START Task input

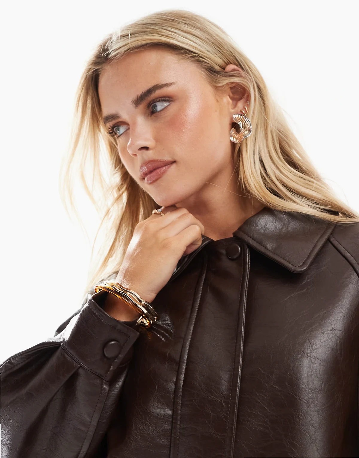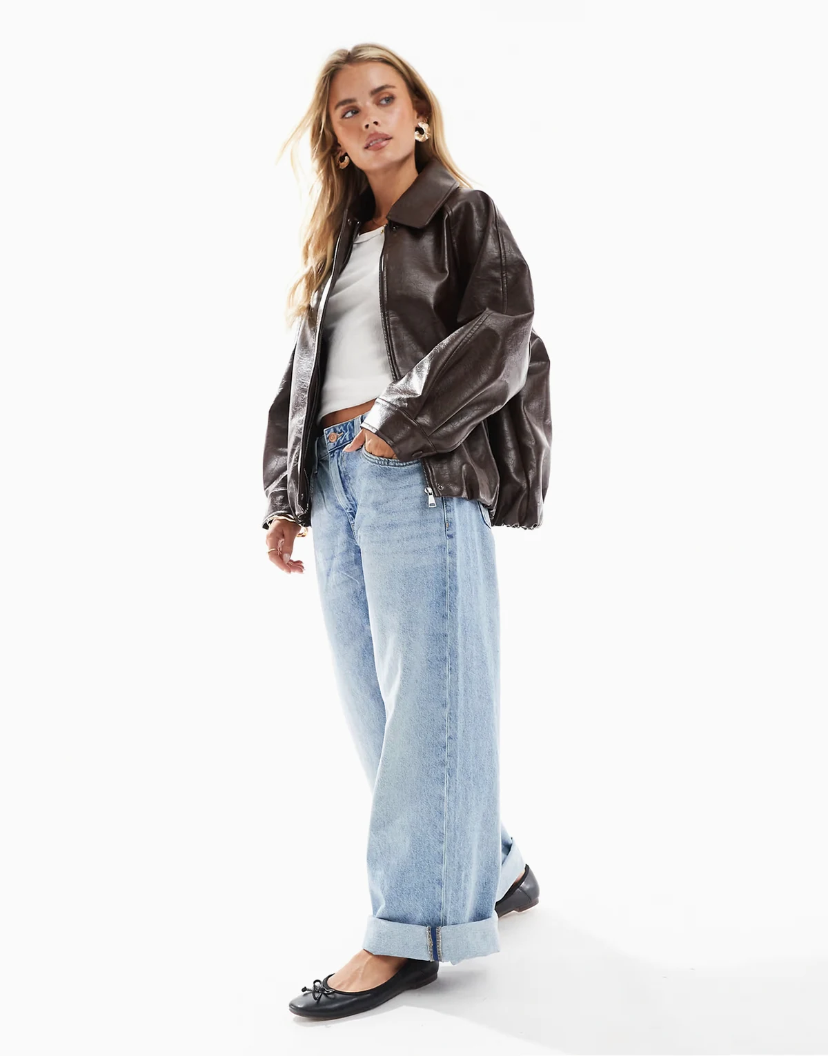 ASOS DESIGN Petite – Czekoladowa kurtka bomberka oversize z imitacji skóry
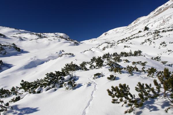 | Aufpassen muß man nur bei Annäherung an die Latschenfelder, die derzeit noch nicht ausreichend eingeschneit sind. Stellenweise "verschwinde" ich bis zur Hüfte im Gestrüpp. |
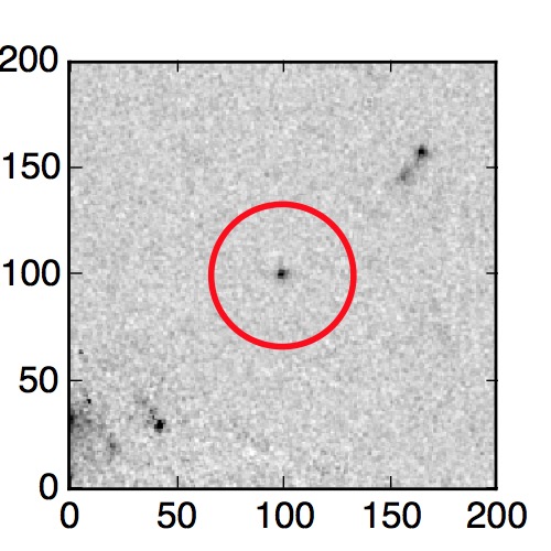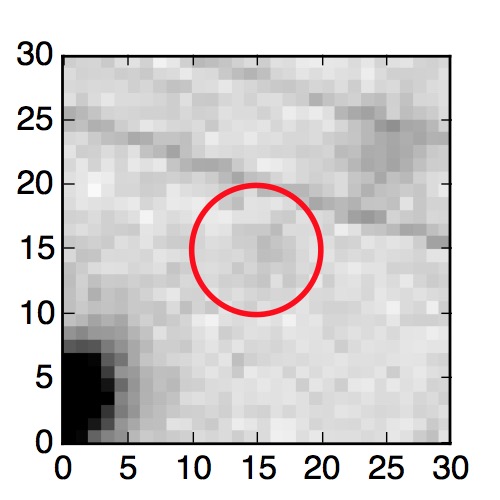 The red circle in the various panels is 1" in radius. The images are 6"x6".
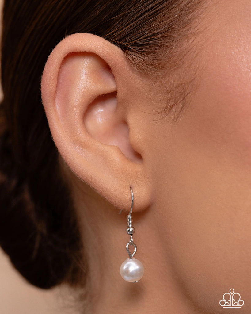 Pressed in a silver fitting, a solitaire glossy white pearl gives way to a vintage-inspired silver pendant embellished with additional white pearls in varying sizes and cuts, white rhinestones, silver rose detailing, and silver studs. The overly opulent pendant sways from an abstract silver chain, sporadically sprinkled with further dainty, white pearls, creating a Gatsby-inspired display below the neckline. Features an adjustable clasp closure.
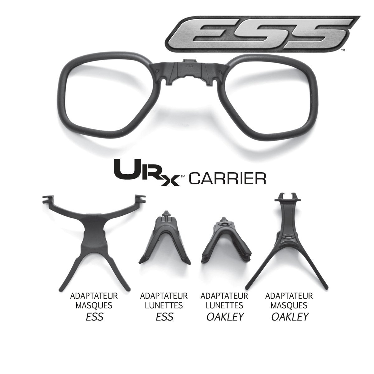 La monture en nylon pour verres correcteurs U-Rx a été développée pour être la solution la plus complète et la plus modulaire. Compatible entre différentes marques puisqu’elle est interchangeable sur une grande variété de lunettes et masques balistique ESS et Oakley. Elle comporte deux jeux de pièces nasales pour lunettes et d’adaptateurs pour masques pour les produits des marques ESS et Oakley. Ils se fixent simplement sur vos lunettes ou masques, il suffit ensuite de les confier à votre opticien.
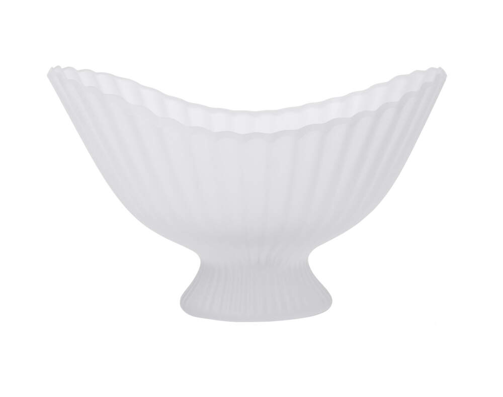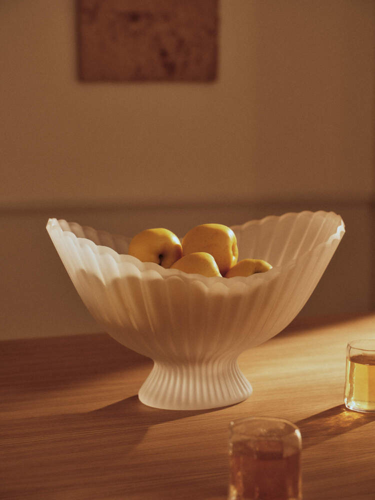 Mísa je vyrobena z ručně foukaného skla v provedení frosted, které není zcela průhledné a jemně propouští světlo. Díky tomu působí lehce a přirozeně vynikne jako dekorativní prvek v interiéru.
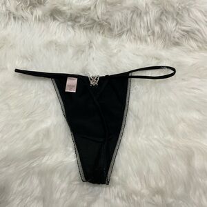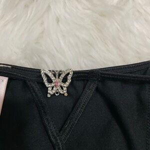 Victoria's Secret V-String Thong Black Bling Butterfly Charm
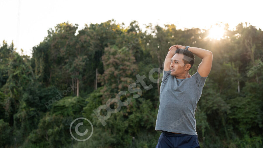 Asian man in sportswear stretching arms and legs while sitting on ground in park
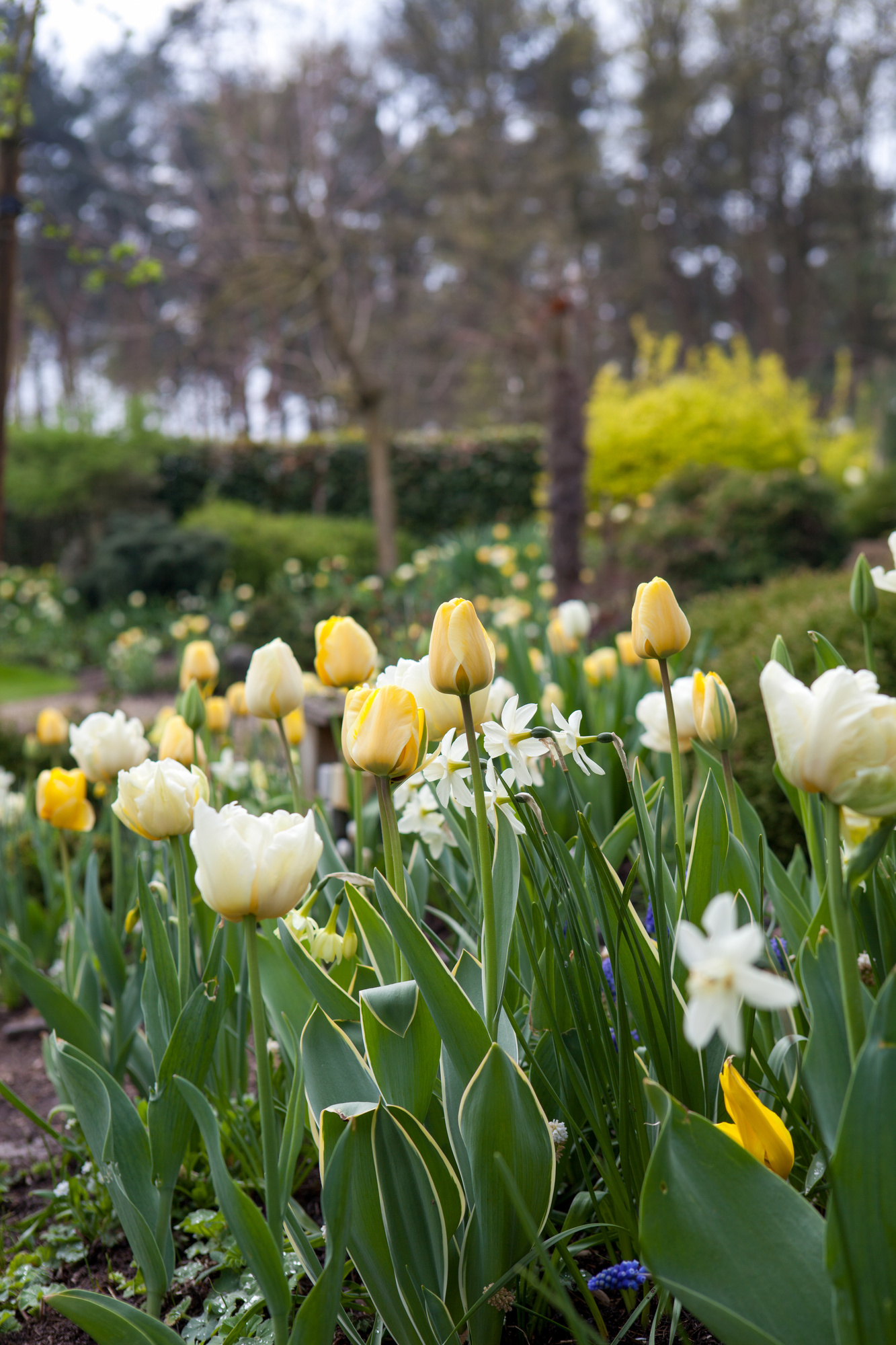Die Blüten sind Gelb geflammt und am Rand Cremeweiß, welches sich im Verblühen zu Weiß verändert. Die Blattränder sind teils schmal cremeweiß eingefärbt und wechseln in der Farbausprägung.| Kurzbezeichnung : | Darwin-Hybrid-Tulpen Jaap Groot |
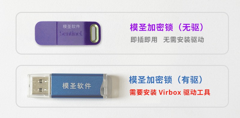 模圣硬件锁(加密狗)有无驱锁和有驱锁两种类型,如下图所示:
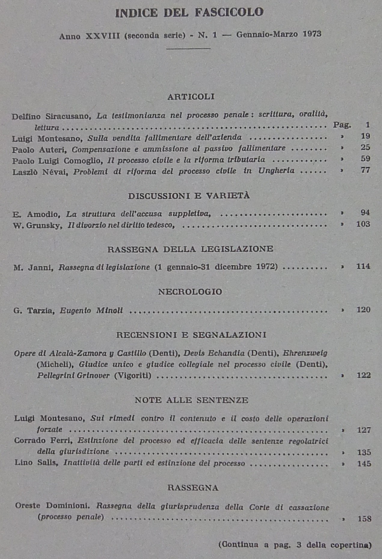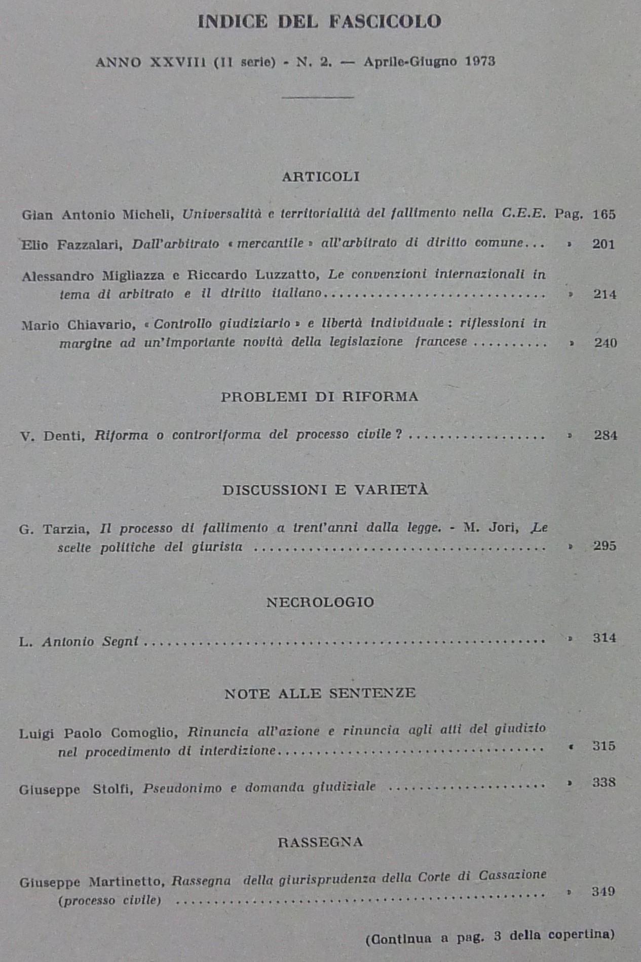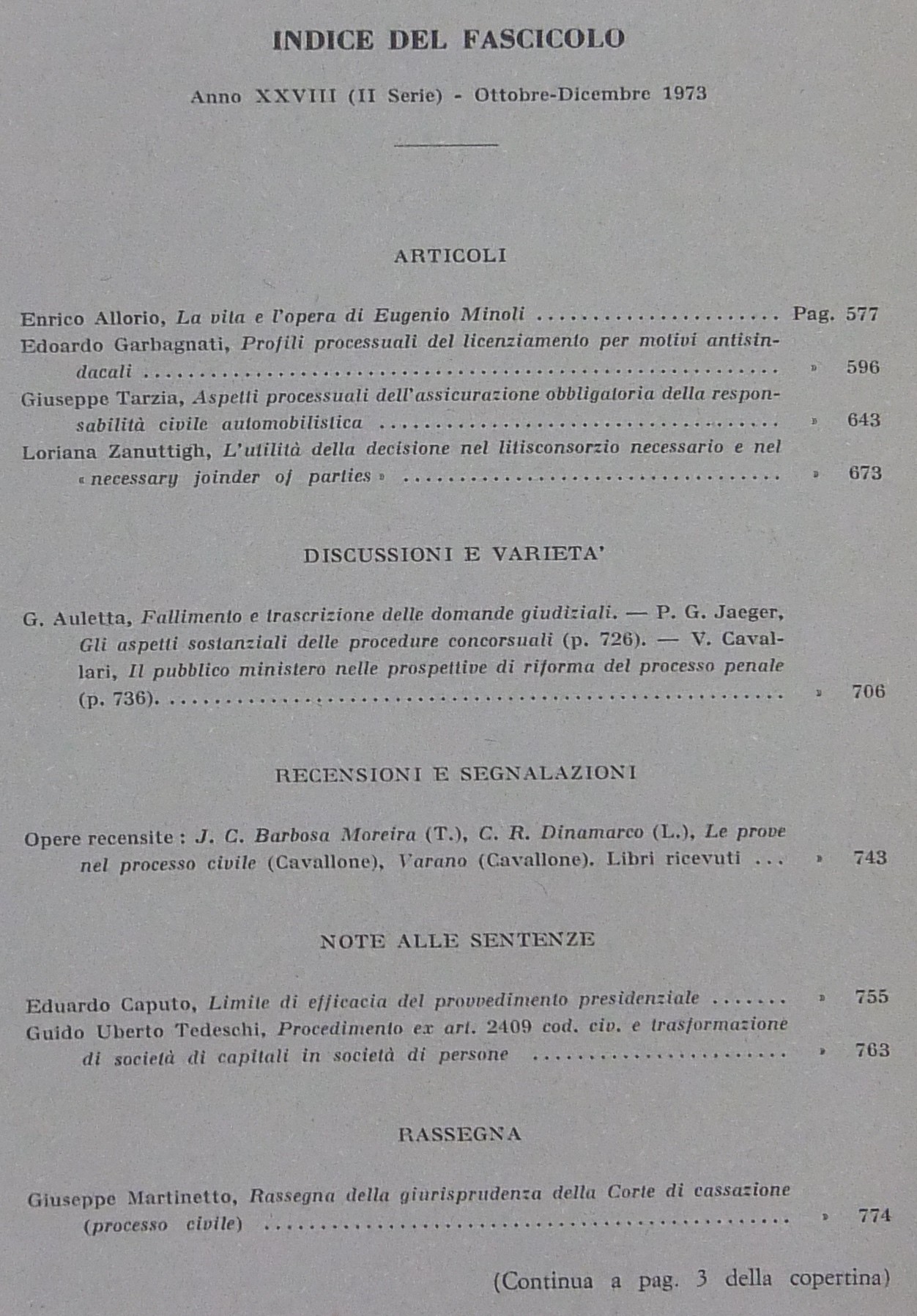 Allorio E. - Amodio E. - Andrioli V. - Auletta G. - Cappelletti M. - Denti V. - Fazzalari E. - Ferri C. - Garbagnati E. - Micheli G.A. - Montesano L. - Salis L. - Stolfi G. - Taruffo M. - Tarzia G. - Tedeschi G.U. et alii

END Task input

▸ Exercise: Write out, exactly and with no pictures, the lines of the data from the first through the line containing "Asian man in".

▸ Reply:
 ASOS DESIGN Petite – Czekoladowa kurtka bomberka oversize z imitacji skóry
 | Aufpassen muß man nur bei Annäherung an die Latschenfelder, die derzeit noch nicht ausreichend eingeschneit sind. Stellenweise "verschwinde" ich bis zur Hüfte im Gestrüpp. |
 The red circle in the various panels is 1" in radius. The images are 6"x6".
 Pressed in a silver fitting, a solitaire glossy white pearl gives way to a vintage-inspired silver pendant embellished with additional white pearls in varying sizes and cuts, white rhinestones, silver rose detailing, and silver studs. The overly opulent pendant sways from an abstract silver chain, sporadically sprinkled with further dainty, white pearls, creating a Gatsby-inspired display below the neckline. Features an adjustable clasp closure.
 La monture en nylon pour verres correcteurs U-Rx a été développée pour être la solution la plus complète et la plus modulaire. Compatible entre différentes marques puisqu’elle est interchangeable sur une grande variété de lunettes et masques balistique ESS et Oakley. Elle comporte deux jeux de pièces nasales pour lunettes et d’adaptateurs pour masques pour les produits des marques ESS et Oakley. Ils se fixent simplement sur vos lunettes ou masques, il suffit ensuite de les confier à votre opticien.
 Mísa je vyrobena z ručně foukaného skla v provedení frosted, které není zcela průhledné a jemně propouští světlo. Díky tomu působí lehce a přirozeně vynikne jako dekorativní prvek v interiéru.
 Victoria's Secret V-String Thong Black Bling Butterfly Charm
 Asian man in sportswear stretching arms and legs while sitting on ground in park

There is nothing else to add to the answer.